All lines in the records below from the line with "4.Potente chip 5.3: chip" through the line with "參數(shù)設(shè)置" are to be given again exactly, both ends included; the pictures are to be left out.

--- WORKING DATA Enclosed Below ---

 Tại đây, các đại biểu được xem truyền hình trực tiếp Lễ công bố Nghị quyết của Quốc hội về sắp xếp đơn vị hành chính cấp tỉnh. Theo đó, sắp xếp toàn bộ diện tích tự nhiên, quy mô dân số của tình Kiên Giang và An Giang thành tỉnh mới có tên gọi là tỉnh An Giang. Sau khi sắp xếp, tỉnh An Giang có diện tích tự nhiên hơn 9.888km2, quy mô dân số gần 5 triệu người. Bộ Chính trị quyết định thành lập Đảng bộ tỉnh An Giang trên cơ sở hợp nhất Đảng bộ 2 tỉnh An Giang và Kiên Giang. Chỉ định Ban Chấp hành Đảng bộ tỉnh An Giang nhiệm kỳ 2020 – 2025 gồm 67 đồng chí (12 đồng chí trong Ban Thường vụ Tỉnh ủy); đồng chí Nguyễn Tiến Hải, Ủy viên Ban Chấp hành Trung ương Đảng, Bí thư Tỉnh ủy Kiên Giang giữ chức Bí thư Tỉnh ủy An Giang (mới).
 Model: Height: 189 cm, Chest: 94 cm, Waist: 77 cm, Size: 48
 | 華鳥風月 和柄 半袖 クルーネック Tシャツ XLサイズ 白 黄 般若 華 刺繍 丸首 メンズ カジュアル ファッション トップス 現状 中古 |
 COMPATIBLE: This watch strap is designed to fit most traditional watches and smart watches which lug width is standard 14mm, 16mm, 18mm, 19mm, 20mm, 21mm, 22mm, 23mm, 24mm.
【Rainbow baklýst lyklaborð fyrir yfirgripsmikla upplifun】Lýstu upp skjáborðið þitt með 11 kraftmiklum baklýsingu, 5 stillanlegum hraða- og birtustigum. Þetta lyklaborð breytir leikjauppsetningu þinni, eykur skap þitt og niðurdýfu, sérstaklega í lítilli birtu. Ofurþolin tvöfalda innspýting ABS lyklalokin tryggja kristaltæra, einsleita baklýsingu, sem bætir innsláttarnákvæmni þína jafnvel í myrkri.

--- End of Enclosed WORKING DATA ---
--- WORKING DATA Enclosed Below ---

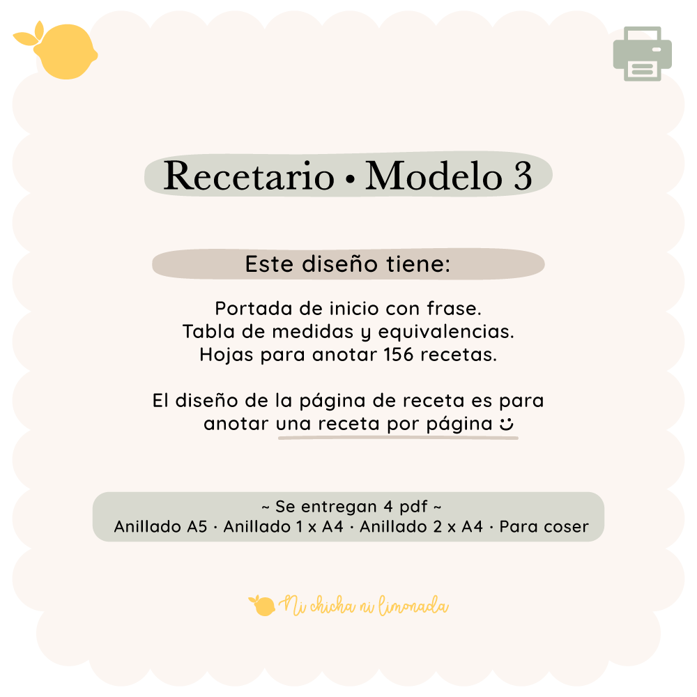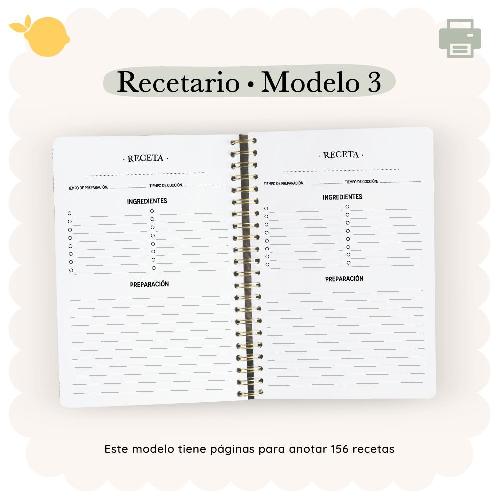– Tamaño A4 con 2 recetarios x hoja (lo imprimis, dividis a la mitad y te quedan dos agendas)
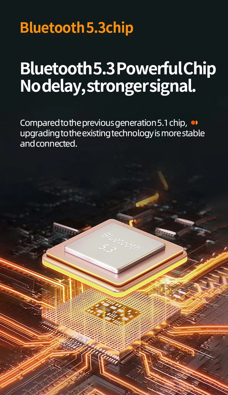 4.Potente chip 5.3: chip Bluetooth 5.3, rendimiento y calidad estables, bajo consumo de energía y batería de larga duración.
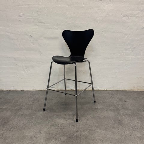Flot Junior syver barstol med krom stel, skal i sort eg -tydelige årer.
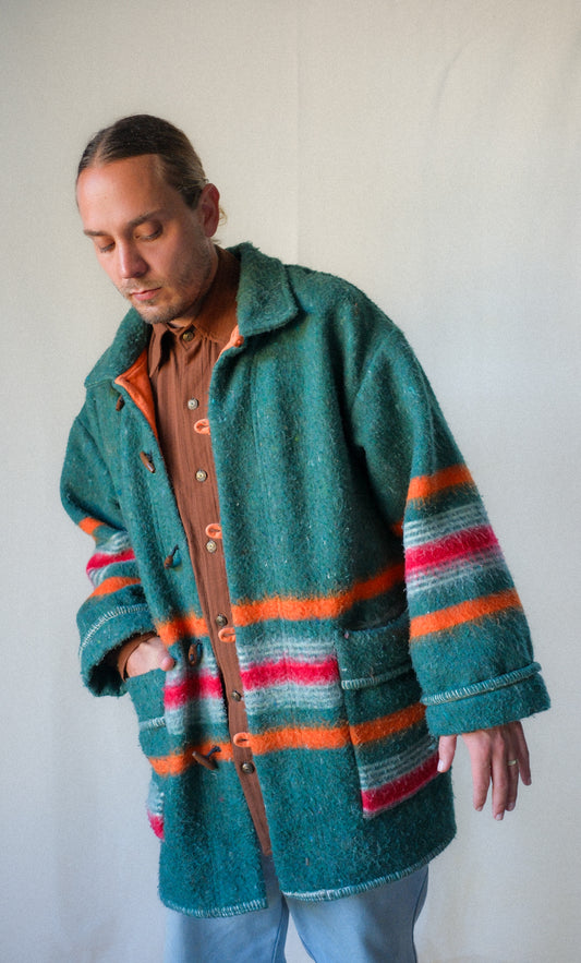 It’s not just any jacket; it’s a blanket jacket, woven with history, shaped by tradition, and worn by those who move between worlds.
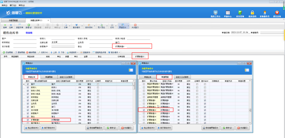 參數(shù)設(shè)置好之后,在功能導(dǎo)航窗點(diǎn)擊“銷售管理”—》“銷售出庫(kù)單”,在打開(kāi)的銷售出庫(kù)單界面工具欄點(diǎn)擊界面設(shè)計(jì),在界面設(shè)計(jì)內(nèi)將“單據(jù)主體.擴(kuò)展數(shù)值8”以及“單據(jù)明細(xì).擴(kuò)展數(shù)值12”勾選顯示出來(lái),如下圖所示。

--- End of Enclosed WORKING DATA ---
--- WORKING DATA Enclosed Below ---

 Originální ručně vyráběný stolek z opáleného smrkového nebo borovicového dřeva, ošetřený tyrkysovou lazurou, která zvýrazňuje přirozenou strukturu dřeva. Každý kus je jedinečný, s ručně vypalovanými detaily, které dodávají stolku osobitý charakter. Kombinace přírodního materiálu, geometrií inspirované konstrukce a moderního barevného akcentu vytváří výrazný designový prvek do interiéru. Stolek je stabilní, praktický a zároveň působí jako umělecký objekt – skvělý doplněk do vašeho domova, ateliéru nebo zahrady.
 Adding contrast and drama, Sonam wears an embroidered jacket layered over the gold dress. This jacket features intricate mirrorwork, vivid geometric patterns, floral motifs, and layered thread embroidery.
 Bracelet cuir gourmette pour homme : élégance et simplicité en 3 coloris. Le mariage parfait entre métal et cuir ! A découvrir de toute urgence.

--- End of Enclosed WORKING DATA ---

— YOUR SOLUTION —
 4.Potente chip 5.3: chip Bluetooth 5.3, rendimiento y calidad estables, bajo consumo de energía y batería de larga duración.
Flot Junior syver barstol med krom stel, skal i sort eg -tydelige årer.
 It’s not just any jacket; it’s a blanket jacket, woven with history, shaped by tradition, and worn by those who move between worlds.
 參數(shù)設(shè)置好之后,在功能導(dǎo)航窗點(diǎn)擊“銷售管理”—》“銷售出庫(kù)單”,在打開(kāi)的銷售出庫(kù)單界面工具欄點(diǎn)擊界面設(shè)計(jì),在界面設(shè)計(jì)內(nèi)將“單據(jù)主體.擴(kuò)展數(shù)值8”以及“單據(jù)明細(xì).擴(kuò)展數(shù)值12”勾選顯示出來(lái),如下圖所示。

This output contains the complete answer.